=== THE PROBLEM ===
Give all of the data again exactly as written, omitting every image.
STORED DATA START
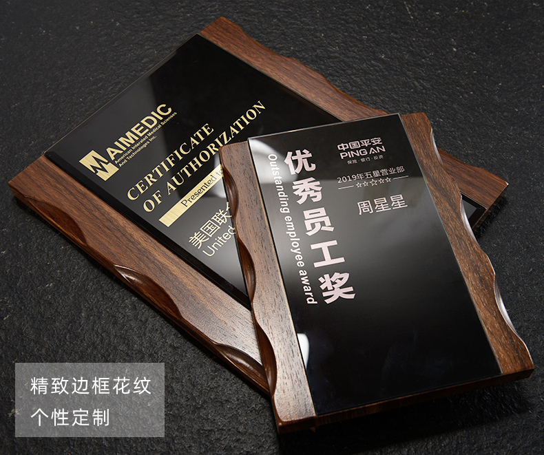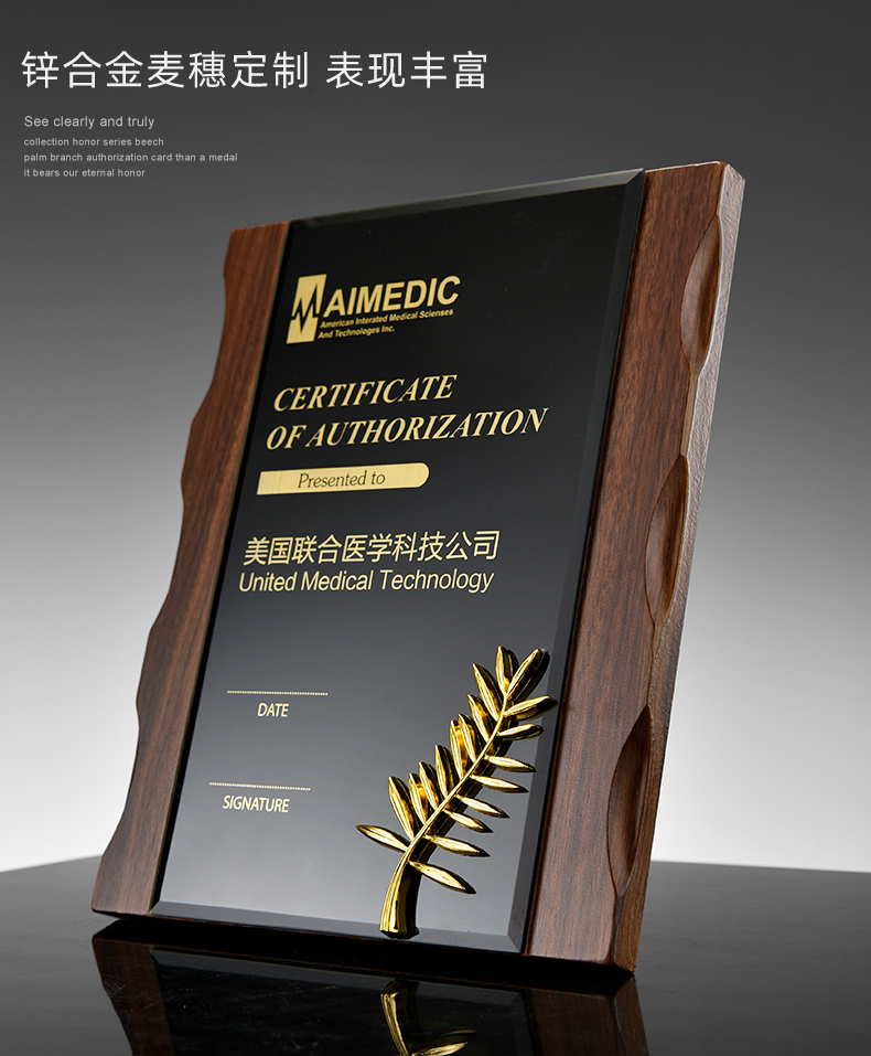 金属麦穗胡桃色木质奖牌定制水晶奖牌奖杯定做加盟授权代理商牌匾
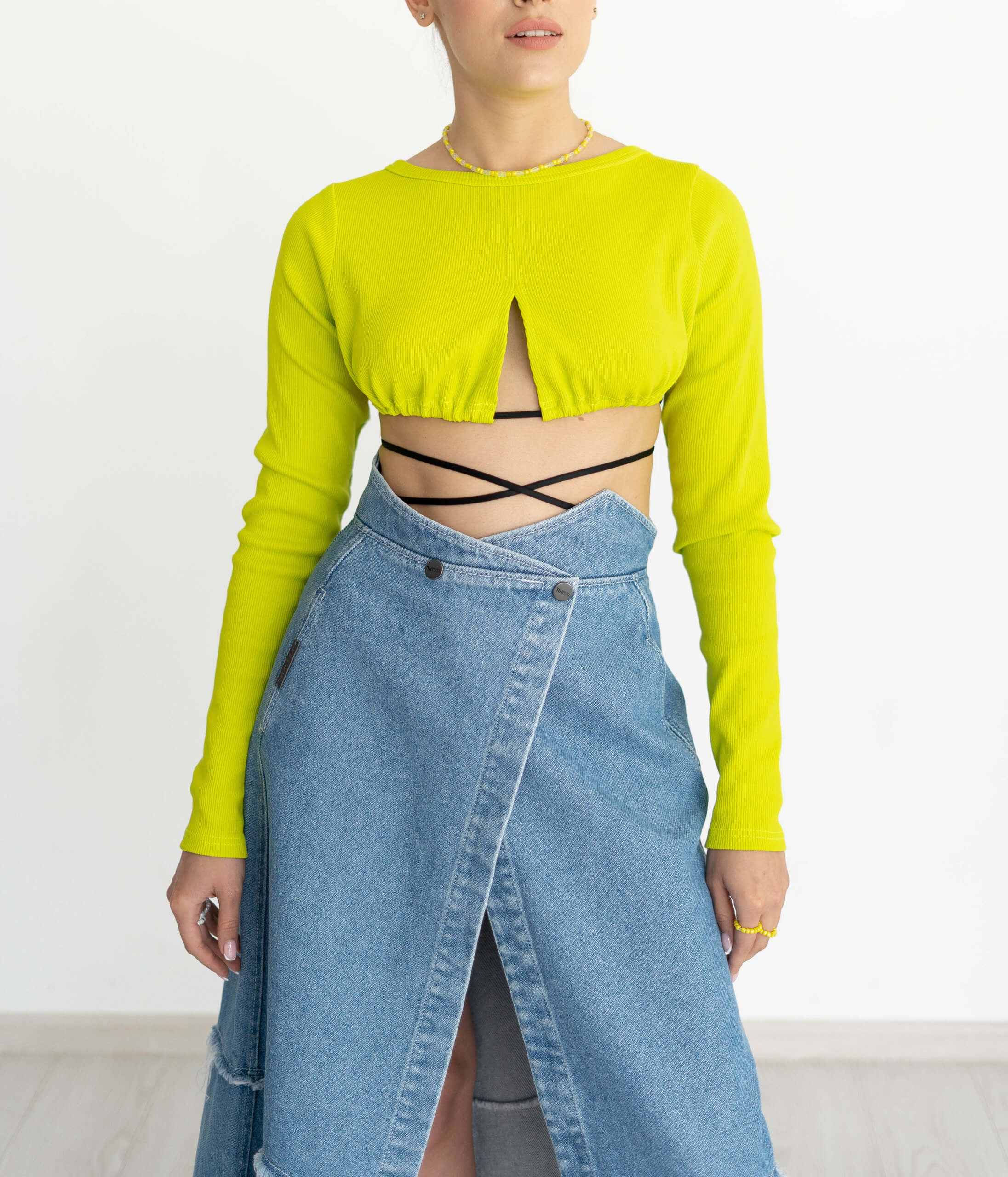 Доставка впродовж 2-5 робочих днівТрикотажний топ виконаний з бавовняної рибани. Довгий рукав. Дві шнурівки: знизу та ззаду декоративна.
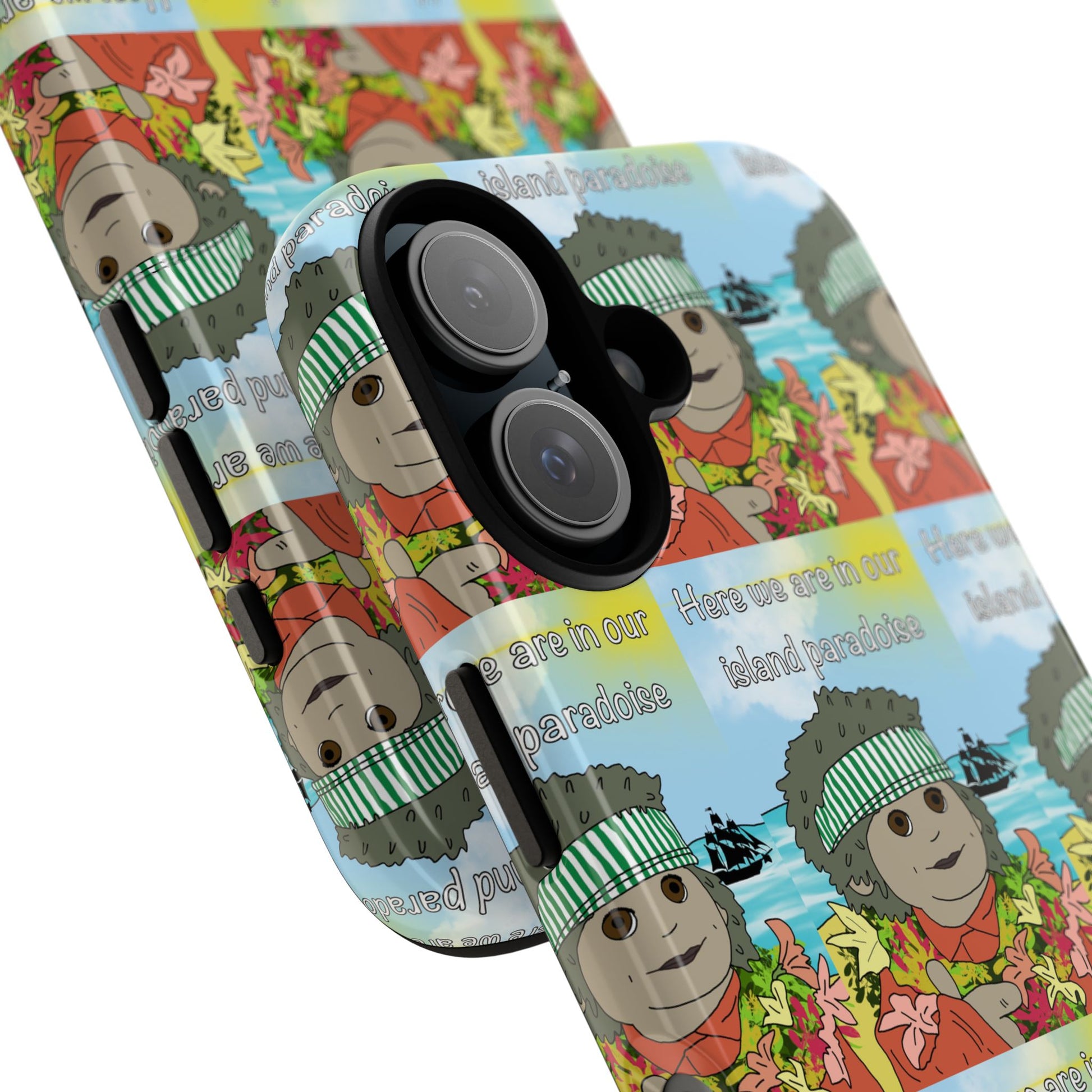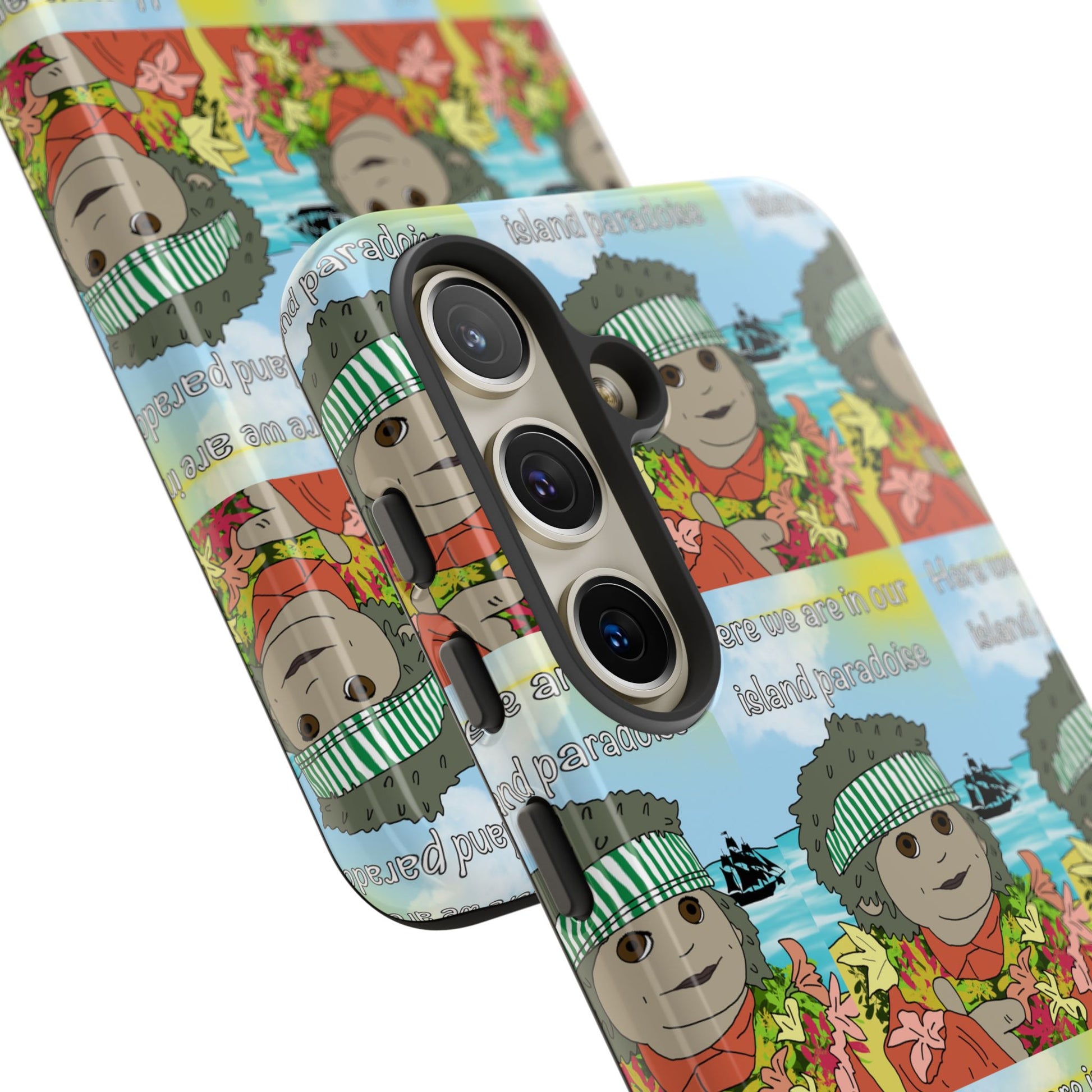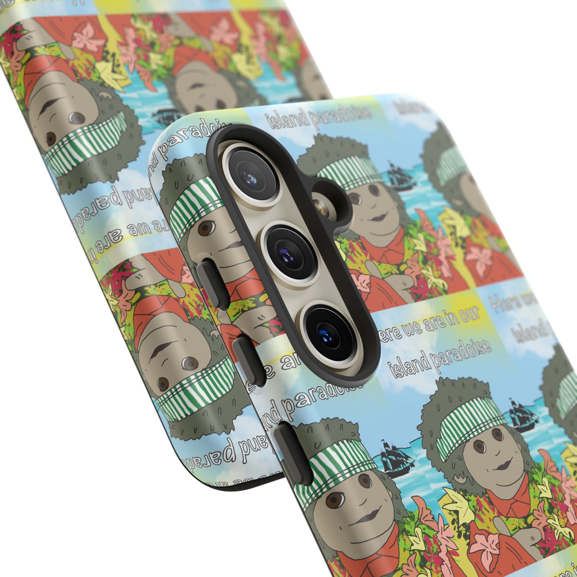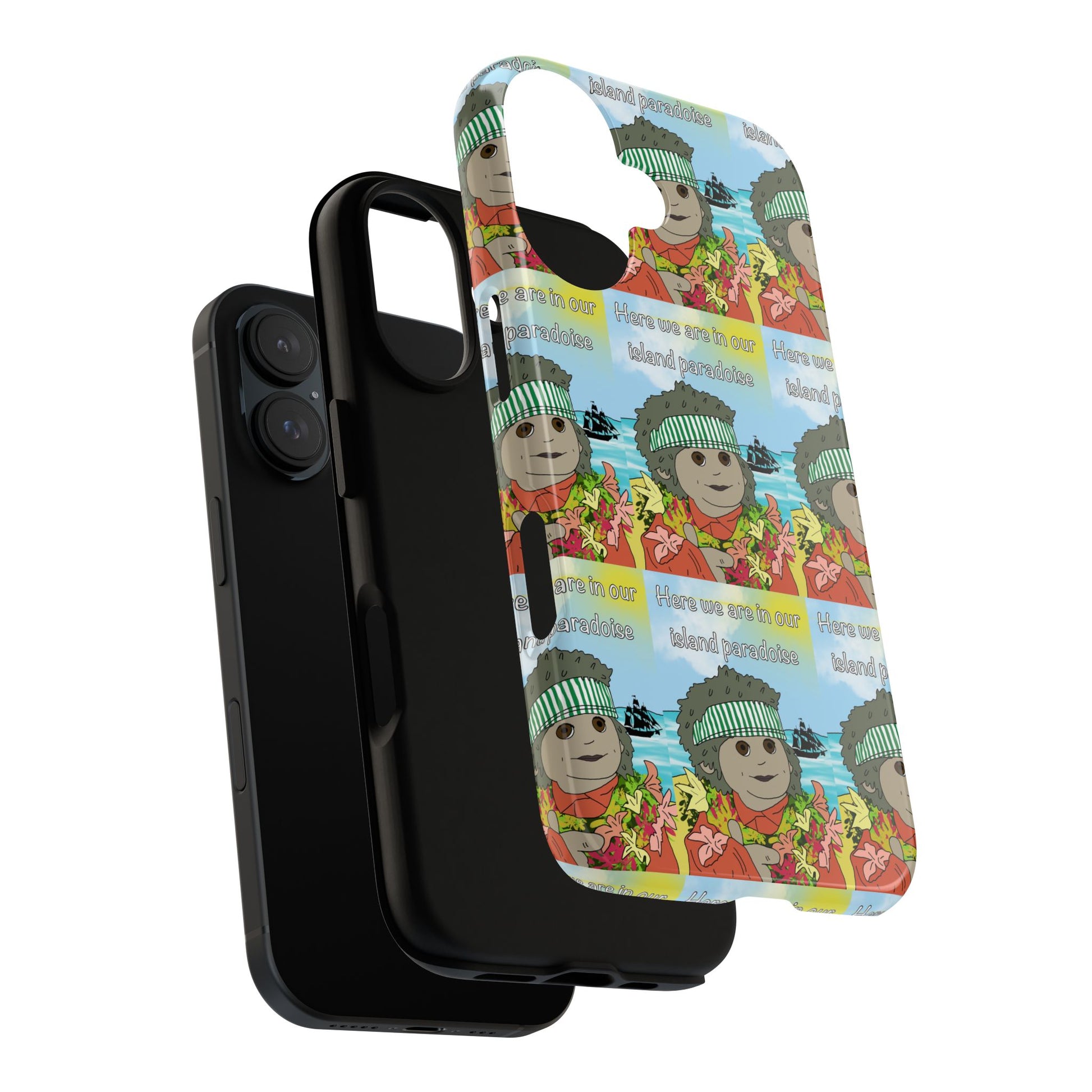 This rugged protective phone case brings playful island vibes to everyday carry. The full-wrap print shows a cheerful character in a knit cap among tropical flowers and ocean scenes — a little escape whenever you pull your phone from your pocket. Built as a dual-layer, impact-resistant shell with a soft TPU liner, the case absorbs shocks while keeping camera and ports accessible. UV-resistant inks keep colors bright outdoors and the glossy or matte finish options let you choose a subtle sheen or smooth, low-glare look. It fits into an active, travel-minded lifestyle: beach days, commutes, or quick weekend getaways feel lighter when your gear carries a sunny, nostalgic scene.
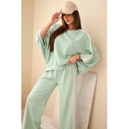 Dámský komplet z viskózy máslový se širokými nohavicemi a volnou blůzou tmavě mátový
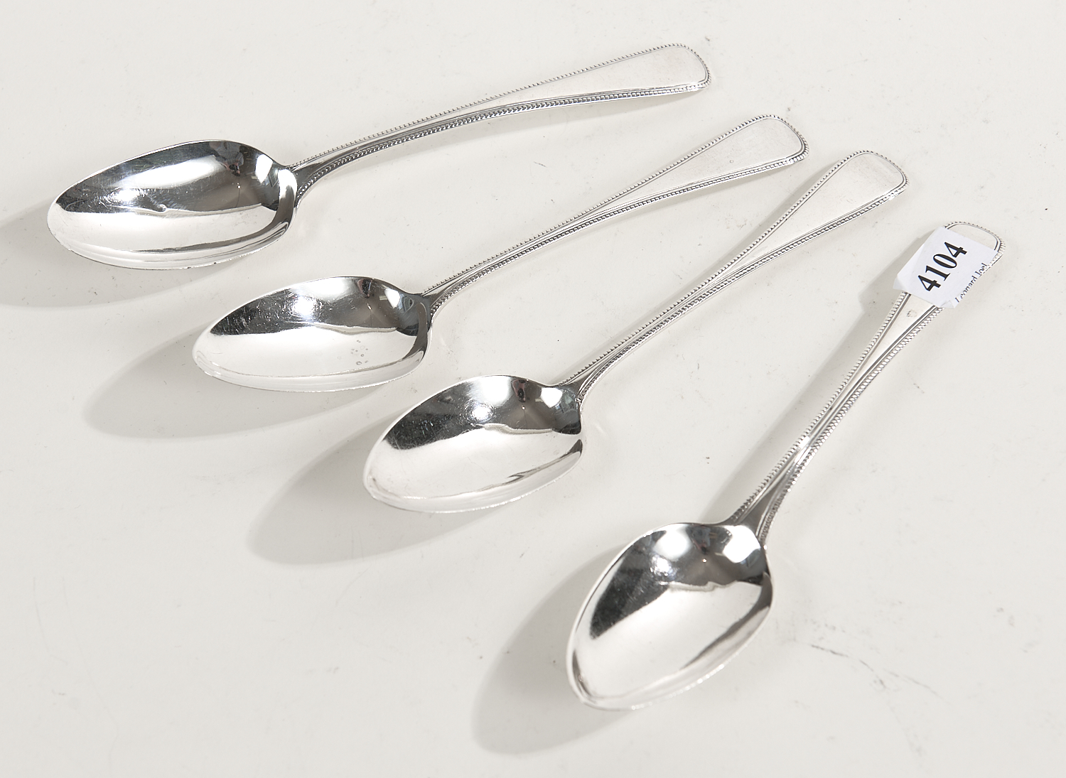 FOUR GEORGIAN STERLING SILVER SPOONS WITH BEADED EDGE - 140 GRAMS, LEONARD JOEL LOCAL DELIVERY SIZE: SMALL
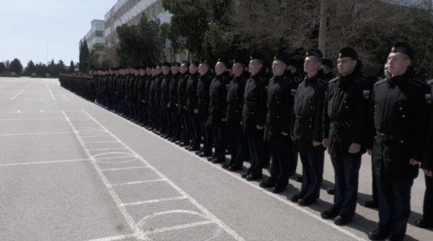 Евменов заявил "экипажу крейсера", что они продолжат службу в ВМФ РФ.
STORED DATA END
=== ANSWER TO THIS EXERCISE ===
 金属麦穗胡桃色木质奖牌定制水晶奖牌奖杯定做加盟授权代理商牌匾
 Доставка впродовж 2-5 робочих днівТрикотажний топ виконаний з бавовняної рибани. Довгий рукав. Дві шнурівки: знизу та ззаду декоративна.
 This rugged protective phone case brings playful island vibes to everyday carry. The full-wrap print shows a cheerful character in a knit cap among tropical flowers and ocean scenes — a little escape whenever you pull your phone from your pocket. Built as a dual-layer, impact-resistant shell with a soft TPU liner, the case absorbs shocks while keeping camera and ports accessible. UV-resistant inks keep colors bright outdoors and the glossy or matte finish options let you choose a subtle sheen or smooth, low-glare look. It fits into an active, travel-minded lifestyle: beach days, commutes, or quick weekend getaways feel lighter when your gear carries a sunny, nostalgic scene.
 Dámský komplet z viskózy máslový se širokými nohavicemi a volnou blůzou tmavě mátový
 FOUR GEORGIAN STERLING SILVER SPOONS WITH BEADED EDGE - 140 GRAMS, LEONARD JOEL LOCAL DELIVERY SIZE: SMALL
 Евменов заявил "экипажу крейсера", что они продолжат службу в ВМФ РФ.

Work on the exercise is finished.